What's really scary is, I did this from memory.
------------
"Canard! Where've you been all these months?" Wildwing grinned, taking his friend by the
shoulders. He'd never been so relieved to see anyone in his life.
"I'm with what's left of the military, in the Resistance." Canard's response snapped Wildwing's
attention away from the armor and military-style uniform that looked so alien on the young duck.
"The Resistance? You mean it actually exists?" Wildwing stared. Canard barely acknowledged his
surprise.
"We're putting together a team of our best special forces. And a few civilians we've had our
eyes on. Like you." An almost feral grin spread over his face. "We're gonna take down
Dragaunus." The sparks of hope died in Wildwing's deep blue eyes. He turned away, sticking
his hands in his pockets.
"How?" He scoffed, despair and defeat in his face and posture. "Nobody's ever seen him."

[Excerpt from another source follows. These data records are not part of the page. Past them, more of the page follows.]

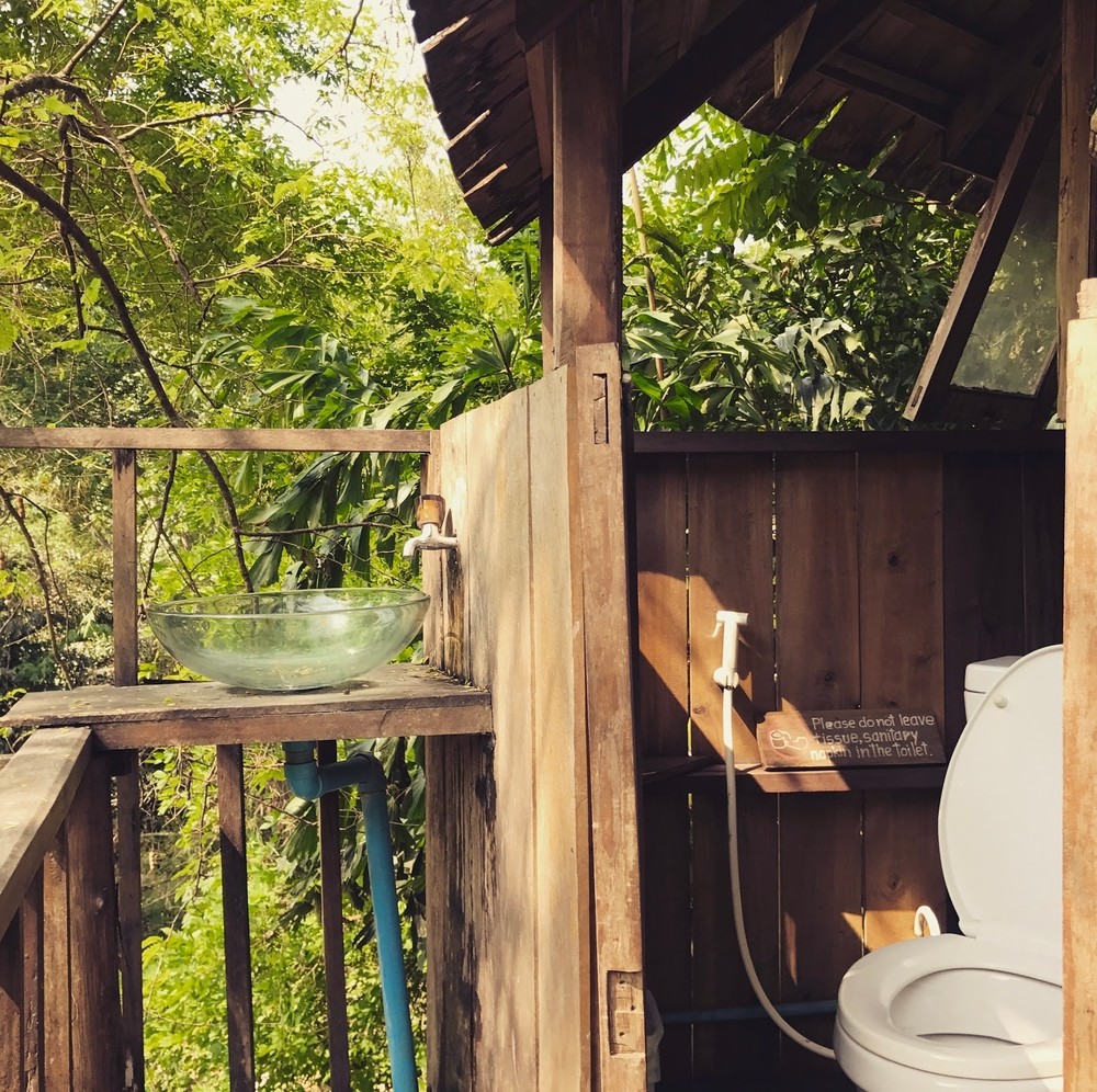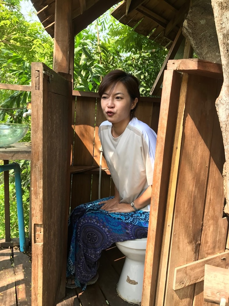 啊,我還在使用了樓上的「半露天廁所」。其實出門前我就有強迫自己先把肚子裡的存貨清空,但一親近大自然,我就忍不住地屎意滾滾…。在樹上如廁,起先很緊張,怕蟲,也怕沖不掉,但坐了一陣子,正對著綠蔭滿天,其實還滿愜意的。
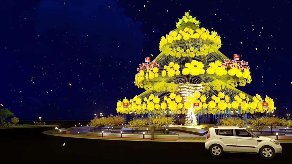 Khu vực trung tâm khu đô thị Phú Cường (vòng xoay Phan Thị Ràng) sẽ lung linh về đêm với hình ảnh hoa mai vàng rực nở.
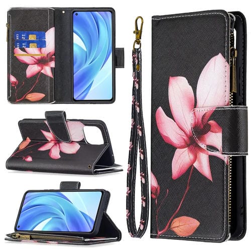 Para Xiaomi Mi 11 Lite Patrón de Dibujo de Color con Cremallera con Cremallera Horizontal Flip Funda con Soporte y Ranuras para Tarjetas y Billetera (Lotus)
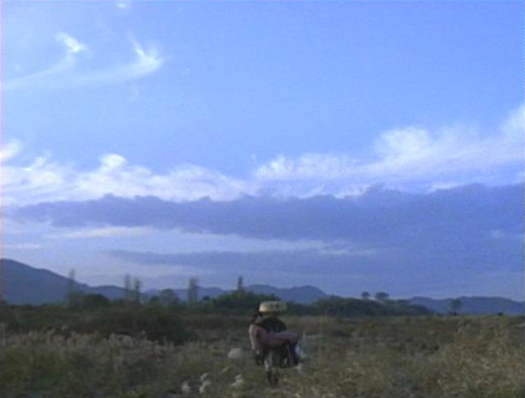 | 足元が砂地であることからも、河原であるとわかる。背景の細長い物体は鉄塔かと思っていたが、何かの細長い木だった。 ↓ |
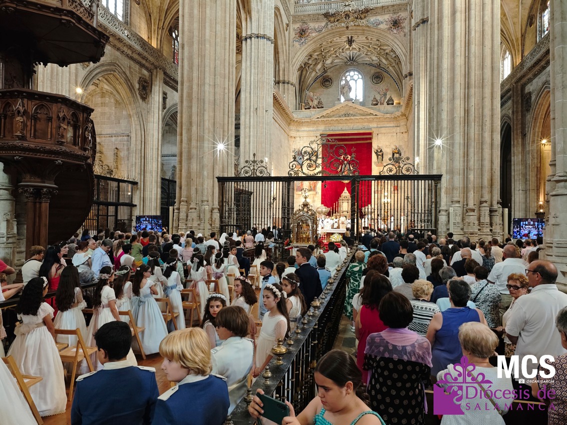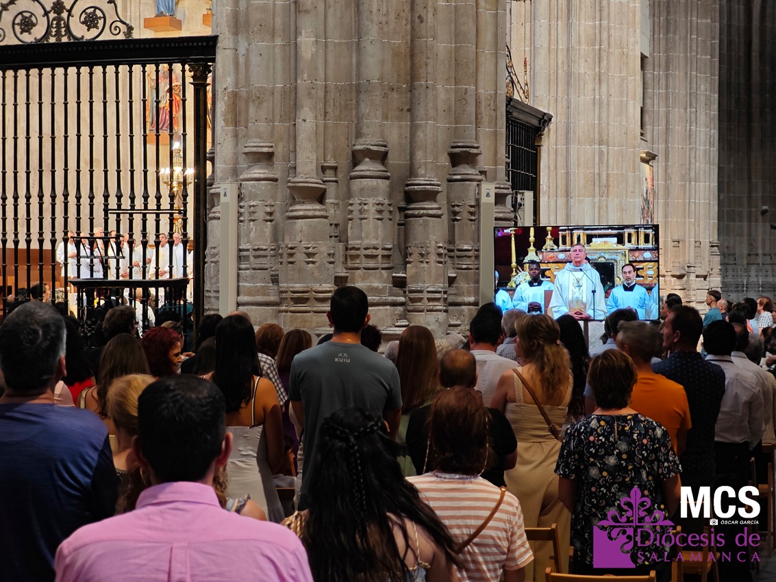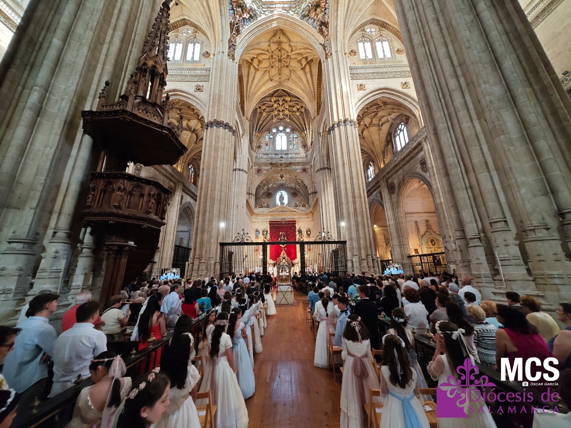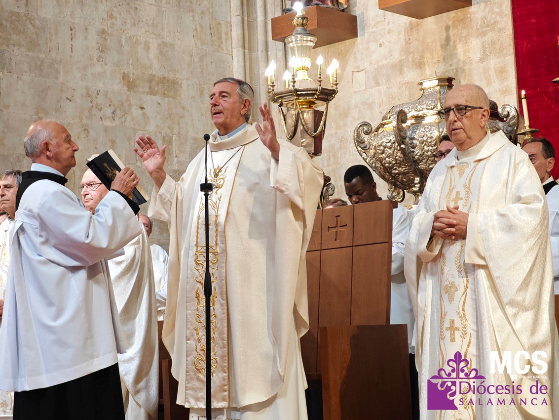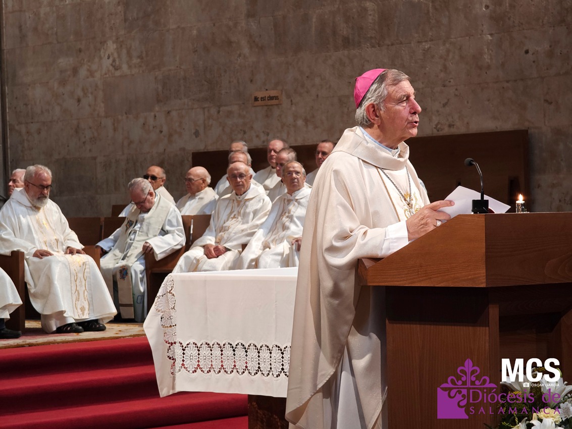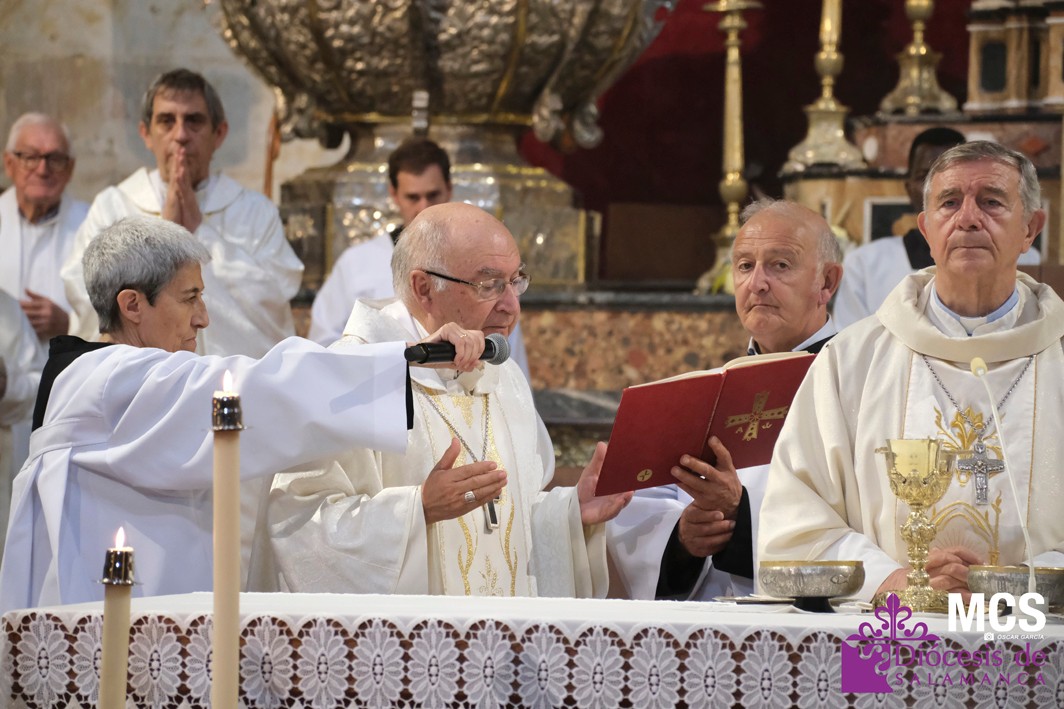 La Eucaristía fue el centro de la solemnidad del Corpus Christi que se celebró este domingo en la Catedral Nueva, presidida por el obispo de Salamanca, Mons. José Luis Retana, y concelebrada por el obispo emérito de Riobamba, Mons. Julio Parrilla, así como sacerdotes y religiosos diocesanos. En esta jornada también se conmemoraba el Día de la Caridad, con la presencia destacada de Cáritas diocesana de Salamanca. Una celebración que, como expresó el obispo de la diócesis, nos sitúa en el centro de la vida cristiana y nos hace testigos de la compasión de Dios, llamados a ser “la caricia de Dios para el prójimo herido”.
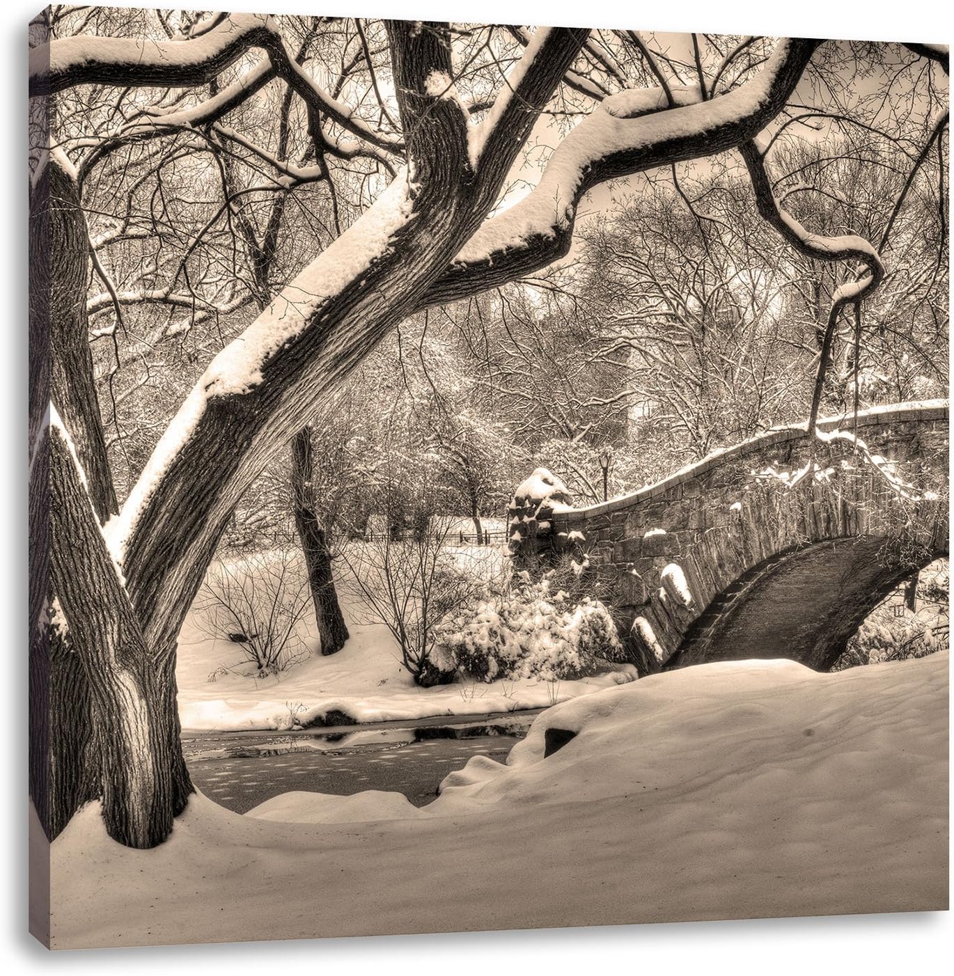 Pixxprint Central Park New York Schwarz/Weiss, Format: 70x70 auf Leinwand, 70x70
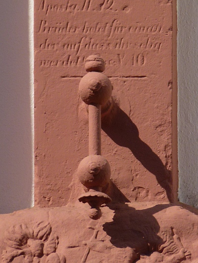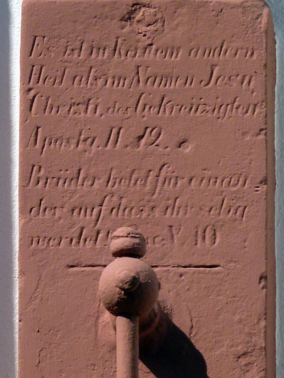 Inschrift: ES IST IN KEINEM ANDEREN HEIL ALS IM NAMEN JESU CHRISTI. APOSTELGESCHICHTE 412. BRÜDER BETET FÜREINANDER AUF DAS IHR SELIG WERDET. JAKOBUSBRIEF 516. [2]
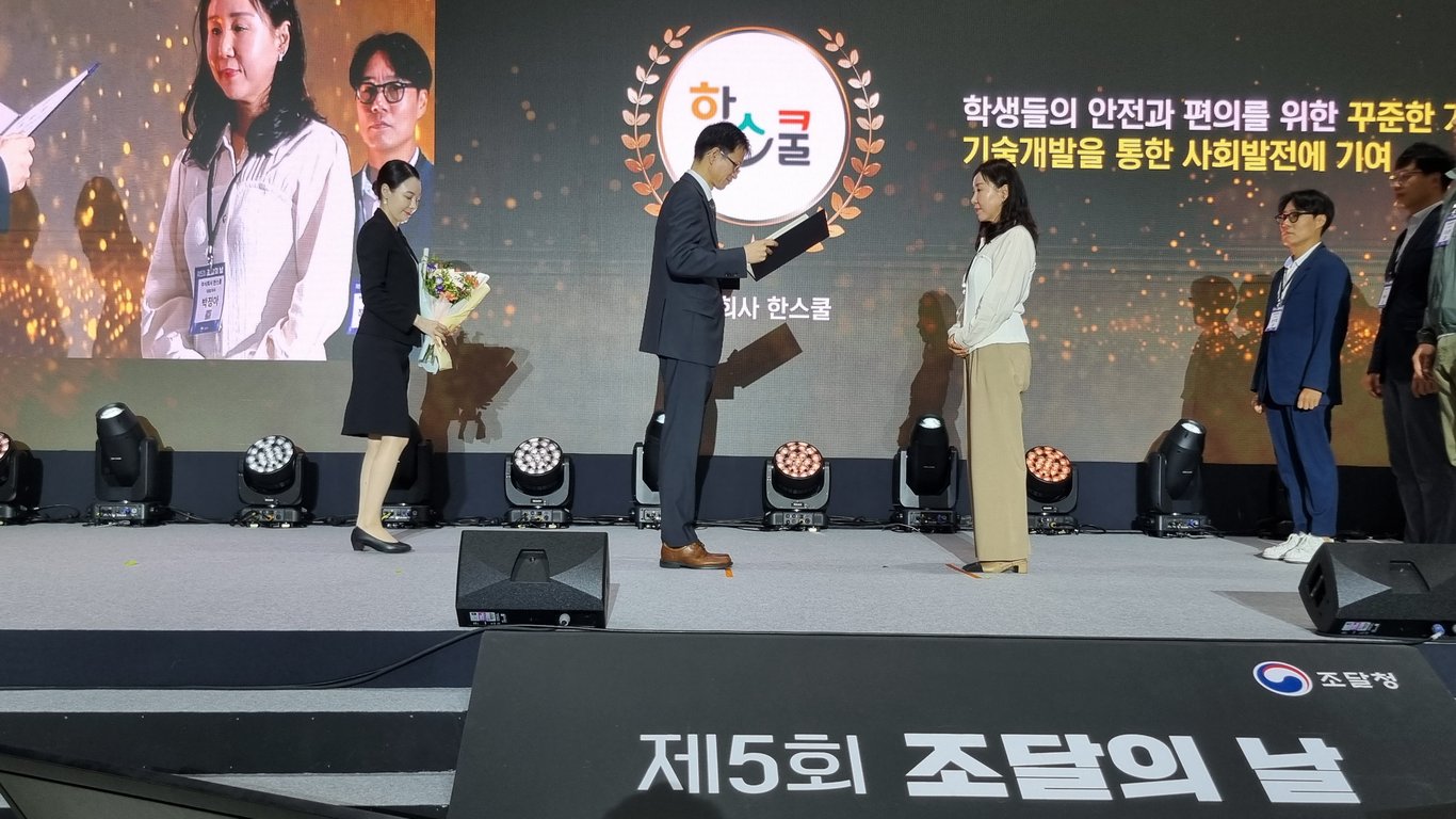 조달청은 매년 조달의 날을 맞아 공공조달 시장의 투명성 강화, 기술 혁신, 사회적 가치 실현에 기여한 우수 기관 및 기업을 선정해 포상하고 있다. 한스쿨은 공공기관과 학교 현장에 품질 높은 제품을 생산 학교에서 학생들의 안전과 환경개선에 효율적으로 운용되어야 할 품목을 선정하여 연구개발하고 혁신하여 학습 지원 서비스를 꾸준히 공급해 온 점이 높은 평가를 받았다.

"I found it, Wildwing." He turned and found an eager light in Canard's eyes to match his
hungry tone. "In an ancient tomb in the mountains they call Twin Beaks." He reached into his
pack and pulled out a white goalie mask. "The Mask. Drake DuCaine's Mask." Speechless,
Wildwing could only stare.
"Whoa! What'd I tell ya? Was Drake DuCaine the main duck or what?" Nosedive, silent up to
this point, reached eagerly for the ancient treasure. Canard pulled it out of his reach,
glaring.
"Beat it kid, before you get us all into trouble." *That* shocked Wildwing out of his stupor.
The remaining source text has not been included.